(Records Opens)

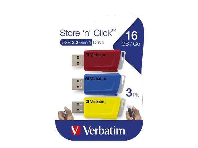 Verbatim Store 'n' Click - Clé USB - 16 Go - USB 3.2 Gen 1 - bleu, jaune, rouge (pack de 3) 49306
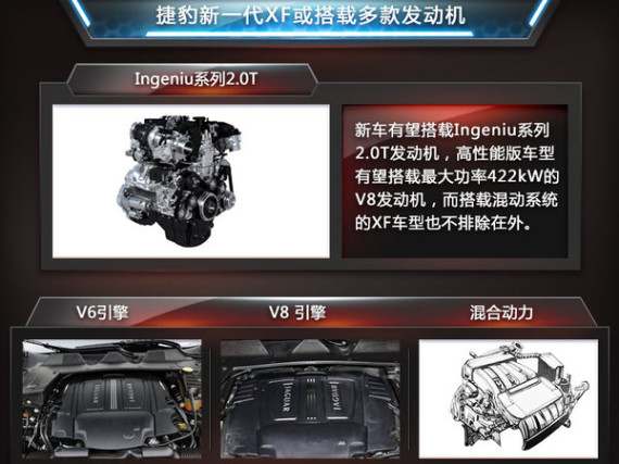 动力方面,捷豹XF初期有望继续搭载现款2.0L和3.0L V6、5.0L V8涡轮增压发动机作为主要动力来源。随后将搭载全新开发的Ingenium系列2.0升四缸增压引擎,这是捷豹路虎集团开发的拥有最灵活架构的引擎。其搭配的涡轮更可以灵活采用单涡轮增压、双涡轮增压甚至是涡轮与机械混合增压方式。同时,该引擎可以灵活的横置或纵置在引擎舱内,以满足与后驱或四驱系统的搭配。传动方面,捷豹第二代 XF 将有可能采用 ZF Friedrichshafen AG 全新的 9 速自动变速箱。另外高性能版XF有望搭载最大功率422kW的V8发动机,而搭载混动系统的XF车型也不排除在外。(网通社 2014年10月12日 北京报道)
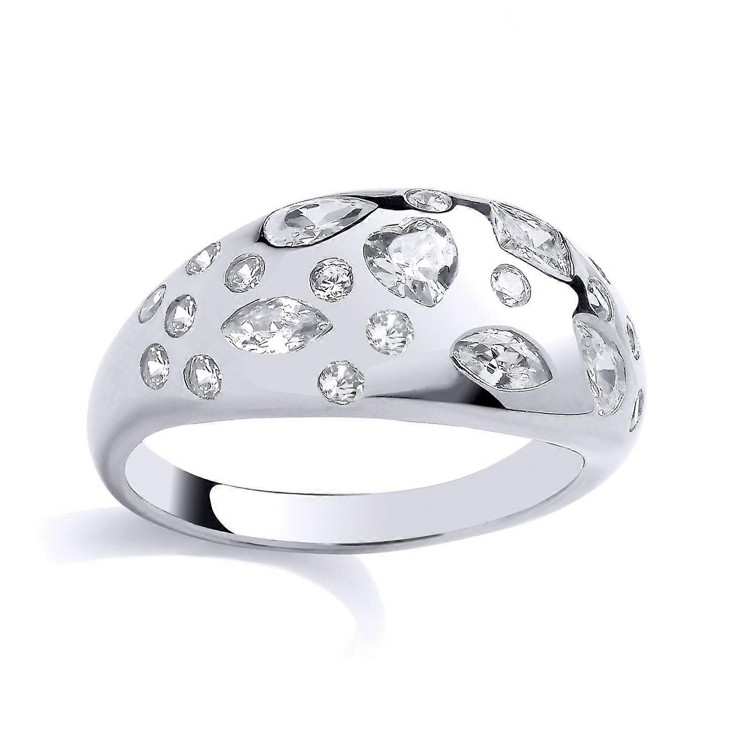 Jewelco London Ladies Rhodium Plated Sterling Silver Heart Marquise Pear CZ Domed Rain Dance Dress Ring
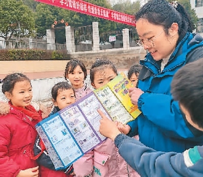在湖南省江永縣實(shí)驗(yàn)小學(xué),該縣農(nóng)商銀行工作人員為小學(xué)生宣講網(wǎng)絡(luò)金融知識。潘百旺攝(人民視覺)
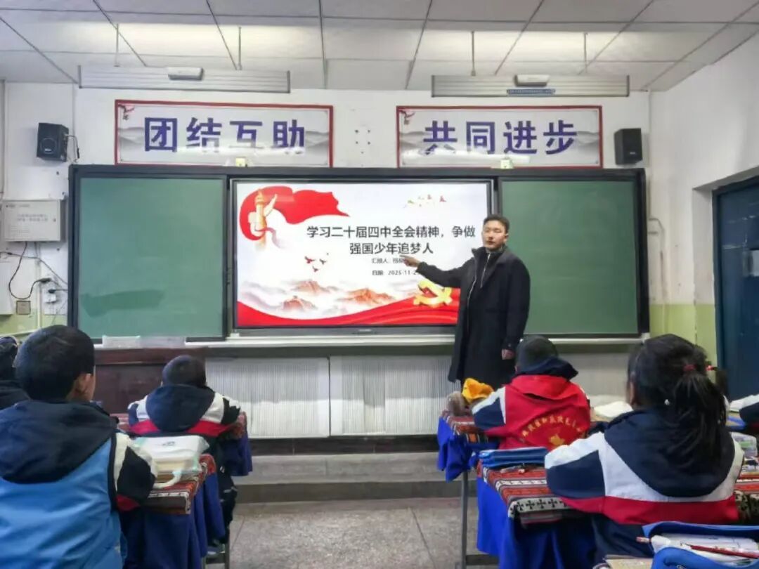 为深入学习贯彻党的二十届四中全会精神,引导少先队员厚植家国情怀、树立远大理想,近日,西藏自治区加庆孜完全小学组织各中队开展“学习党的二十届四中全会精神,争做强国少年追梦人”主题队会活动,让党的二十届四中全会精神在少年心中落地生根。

(Records Closes)

Reproduce the records above exactly, but only from the line containing "在湖南省江永縣實(shí)驗" through the last line, both included, and without any pictures.

- _Answer to this task_:
在湖南省江永縣實(shí)驗(yàn)小學(xué),該縣農(nóng)商銀行工作人員為小學(xué)生宣講網(wǎng)絡(luò)金融知識。潘百旺攝(人民視覺)
 为深入学习贯彻党的二十届四中全会精神,引导少先队员厚植家国情怀、树立远大理想,近日,西藏自治区加庆孜完全小学组织各中队开展“学习党的二十届四中全会精神,争做强国少年追梦人”主题队会活动,让党的二十届四中全会精神在少年心中落地生根。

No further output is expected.